[What you should do] An exact copy of all the data is needed, with every picture left out.

[Collected material]
----
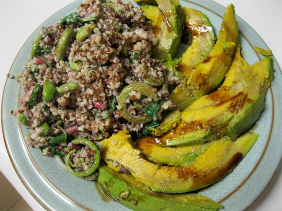 I’m trying to get back to healthy eating – meaning that I’m trying to ensure that I’m getting all the nutrients I need. This easy quinoa dish is a step in the right direction. It makes a great side dish with tofu or other protein of your choice and is totally versatile. Add some walnuts or sweet peppers or squash! Yum.
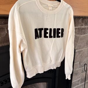 Cream Crewneck Sweater with Puffy “Atelier” Letters
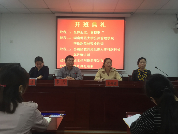 (通讯员:张臻)2017年4月17日上午8点30,湖南省长沙市岳麓区教育系统第七期后备干部培训班开班典礼于365英国上市集团209教室举行。365英国上市集团李伦副院长、岳麓区教育局组织人事科副科长郭丹娜、365英国上市集团刘艳老师出席了此次开班典礼,学院副院长邝洁主持典礼。
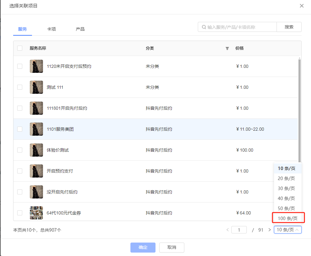 惠券/卡项/等级折扣场景下关联项目弹窗,每页显示数量增加“100条/页”
----
[The answer]
 I’m trying to get back to healthy eating – meaning that I’m trying to ensure that I’m getting all the nutrients I need. This easy quinoa dish is a step in the right direction. It makes a great side dish with tofu or other protein of your choice and is totally versatile. Add some walnuts or sweet peppers or squash! Yum.
 Cream Crewneck Sweater with Puffy “Atelier” Letters
 (通讯员:张臻)2017年4月17日上午8点30,湖南省长沙市岳麓区教育系统第七期后备干部培训班开班典礼于365英国上市集团209教室举行。365英国上市集团李伦副院长、岳麓区教育局组织人事科副科长郭丹娜、365英国上市集团刘艳老师出席了此次开班典礼,学院副院长邝洁主持典礼。
 惠券/卡项/等级折扣场景下关联项目弹窗,每页显示数量增加“100条/页”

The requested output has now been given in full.